The woods Virginia led her through were a damn lie, Maggie thought, like the forests she'd seen in kids books, the pictures alongside the teaching sentences. Where was the brush and scrub so thick you had to hack at it with a machete to clear a path? In Virginia's forest the trees were high and far apart and friendly animals frolicked in deep blue shadow that flickered with sunlight through leaf canopy, and raccoons were sweet-eyed and never rabid, and snakes never hid beneath rocks but basked atop them like the tourists came to Meherrituck to burn
their skin lying half-naked on the beach. This is the way Boyd would paint it over there too. A fat lie to get her across. What would keep her contained in Morehead or little Washington or wherever else over there he wanted them to settle? Even the islands had bridges to the mainland and all that coming and going, all those roads and intersections. He was dead wrong: she could never be what he needed her to be over there. She could never stay still.

“No
place
is going to keep people who love each other from loving each other.”

“You know this how?”

“Beg your pardon?”

“I'm just asking,” said Boyd, “how you happen to come by that particular bit of wisdom.”

“You want me to have done everything in order to know it? Some things you just know. You don't have to have experienced them.”

She was lecturing him. In her tone she heard something that terrified her: her big sister's sanctimony.

“Well, if you love me, you can love me just as good across the water.”

“What about your family? I thought you came across to be where your father was raised?”

“True enough. But then I fell in love. I might would stay if it weren't for you. But we just cannot
be
over here. You won't allow it.”

“So you're leaving?” She turned away from him, dried her eyes on her T-shirt.

“I don't know,” he said. “No.”

“I don't know either,” she said, and then she felt it burn through her, the spite, the very thing that led her down to buy white liquor in some old boy's root cellar the moment he pushed off the dock that day.

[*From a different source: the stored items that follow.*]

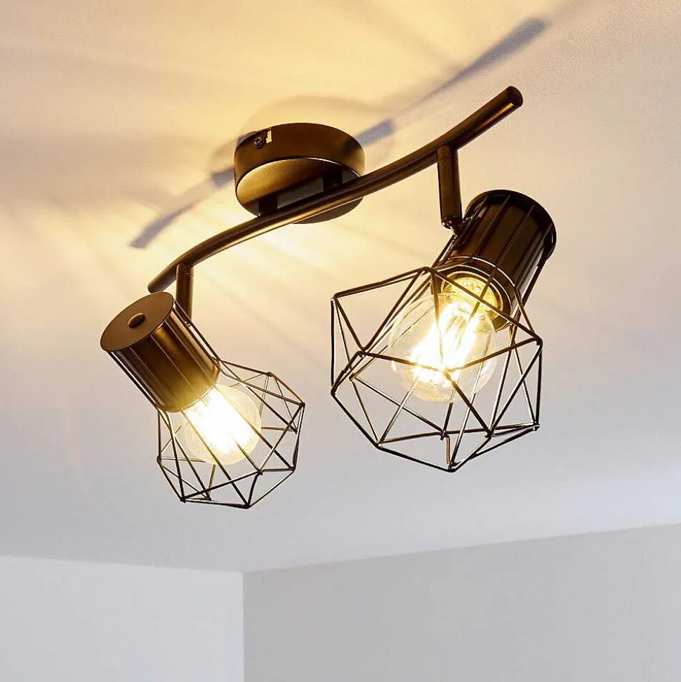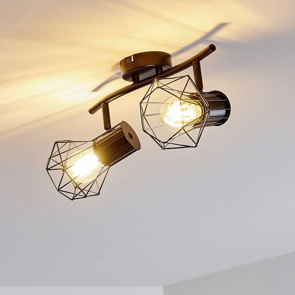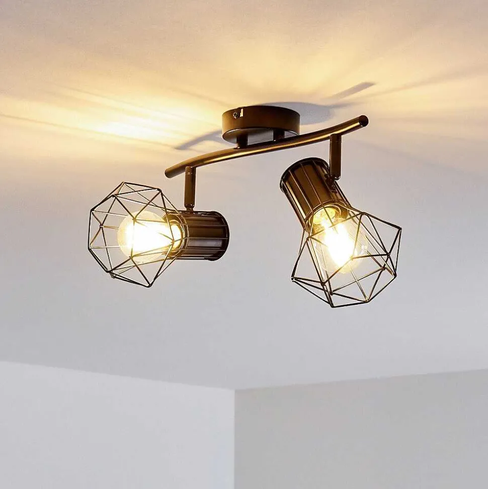 Plafonnier Salmi Led Brun, Couleur Bois, Noir, 1 Lumiere, Telecommandes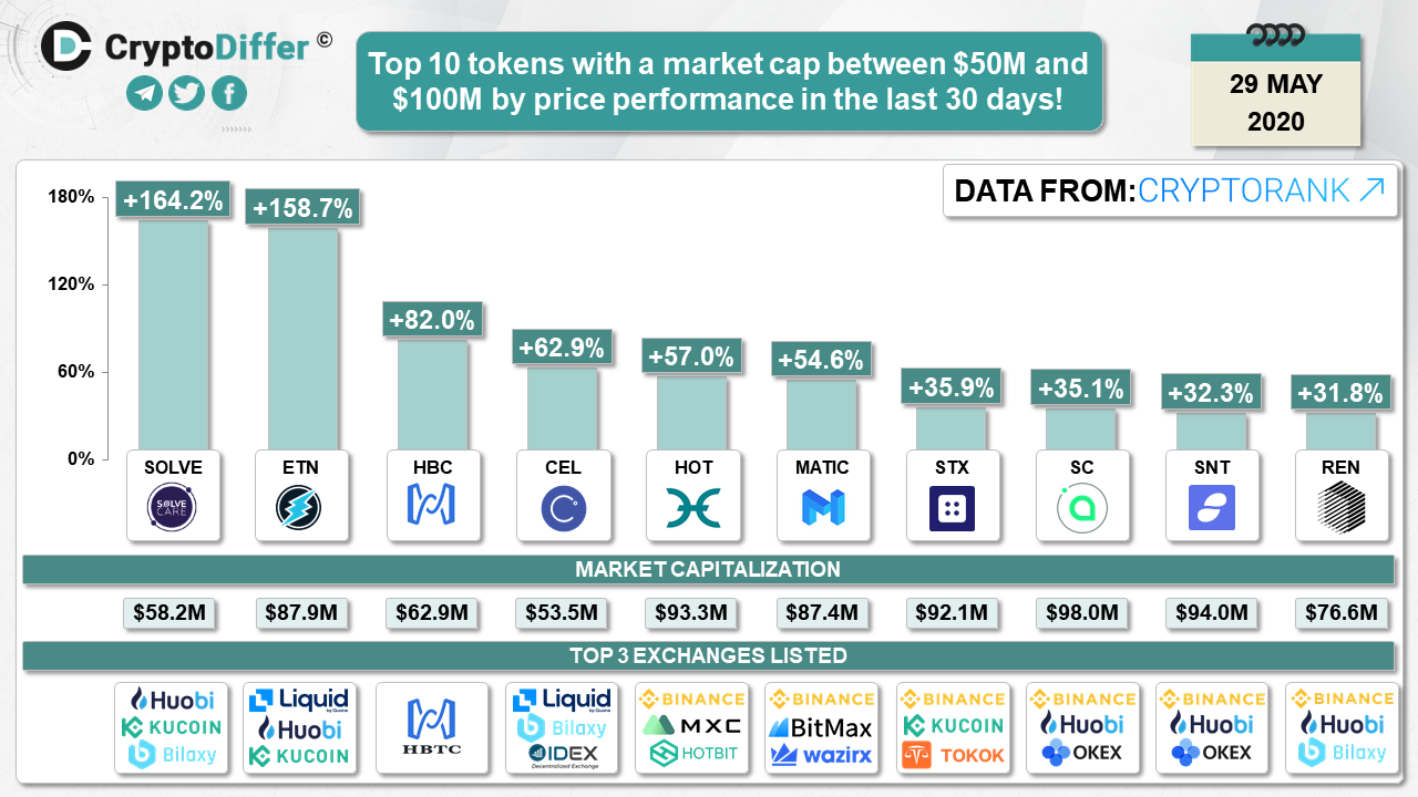 ββTop 10 tokens with a market cap between $50M and $100M by price performance in the last 30 days!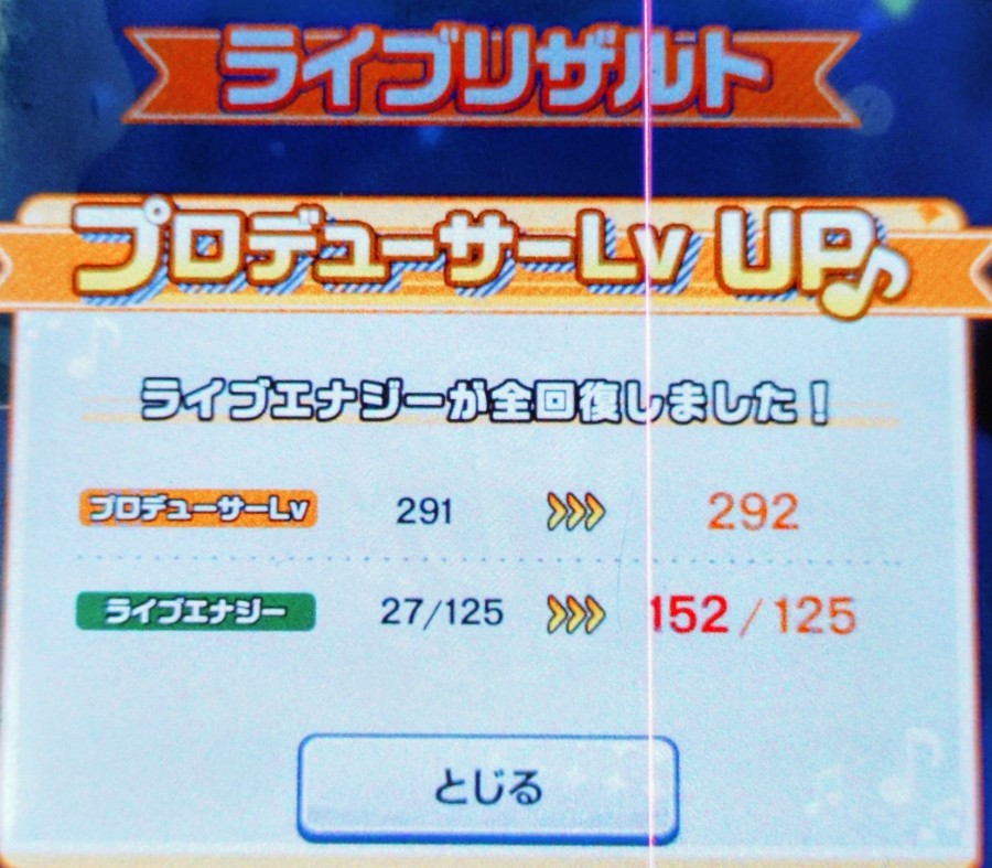 ときめきアイドル 2025年12月18日午後12時(正午)頃、レベル292に上がりました レベル291から1レベル上がるのに37日12時間ほどかかりました。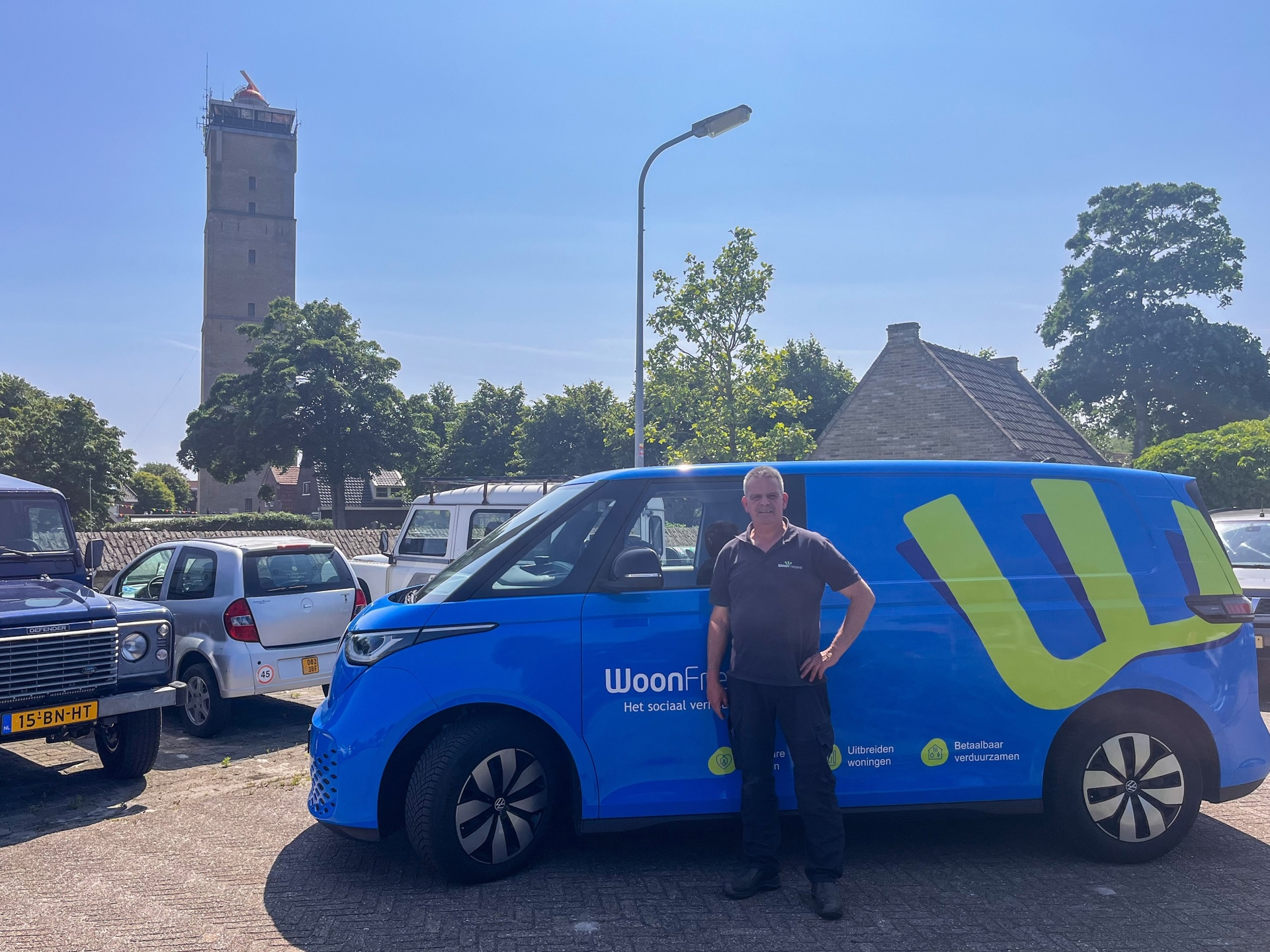 Zo is inmiddels bijna 50% van ons wagenpark elektrisch. Onze wijkconsulenten, mutatie-opzichters en buurtbeheerders verplaatsen zich grotendeels elektrisch: met de auto, scooter of fiets. De volledig elektrische ID Buzz op Terschelling is daar een opvallende aanvulling op! Een eiland is bij uitstek geschikt voor een elektrische bestelauto: korte afstanden, overzichtelijke infrastructuur en smalle, historische straatjes. Precies waar de compacte ID Buzz goed tot z’n recht komt. Dankzij het opvallende ontwerp weten bewoners bovendien meteen dat we in de buurt zijn.

“Seems like if you're going to leave me, well, seems like it'd hurt a lot worse then than now.”

“So you want me to go?”

“I don't. But I feel like everybody's against us. Everything and everybody.”

“You,” he said, dropping his end of the net in the grass.

“What?”

“You seem like the worst enemy we got.”

He got up and went inside, and she stood waiting for him to return—thought maybe he'd gone in for his shirt to protect against the gathering bugs, or had gone in to fetch himself something to drink—but he didn't come back and she did not go to him. Instead she went home and slept alone, thinking he needed to be without her in order to understand how much he missed her.

She let him be for the next few days. It wasn't easy, but she coddled the guilt he made her feel by calling her their worst enemy, and she spent her hours having conversations with him in her head, constructing arguments to prove wrong his notion that everything would be fine if only she'd come across with him. If at first it bothered her that her primary example of why leaving would be the end of them was well over four hundred years old, in
time she came to see Virginia's story as important to their own as Genesis in the Bible. It came first, and everything after was a continuation. Think what would have happened had Virginia just stayed put on this island where she had everything she needed. Greed's what led her to go across, and greed and vanity and pride is what killed her and the rest of them too. Talk about an original sin. Think about those Tape Recorders coming across wanting to know what it is to live here on this island, and Whaley spouting her history of ancestors and recipes and ways to ward off bugs when the truth was that me and you, Boyd, maybe we aren't even real people struggling with how to love but just another installment in a story started when some girl got restless and tired of the people she'd grown up with and lit out for afar. And look what happened to her. Boyd. Look what happened to all of them.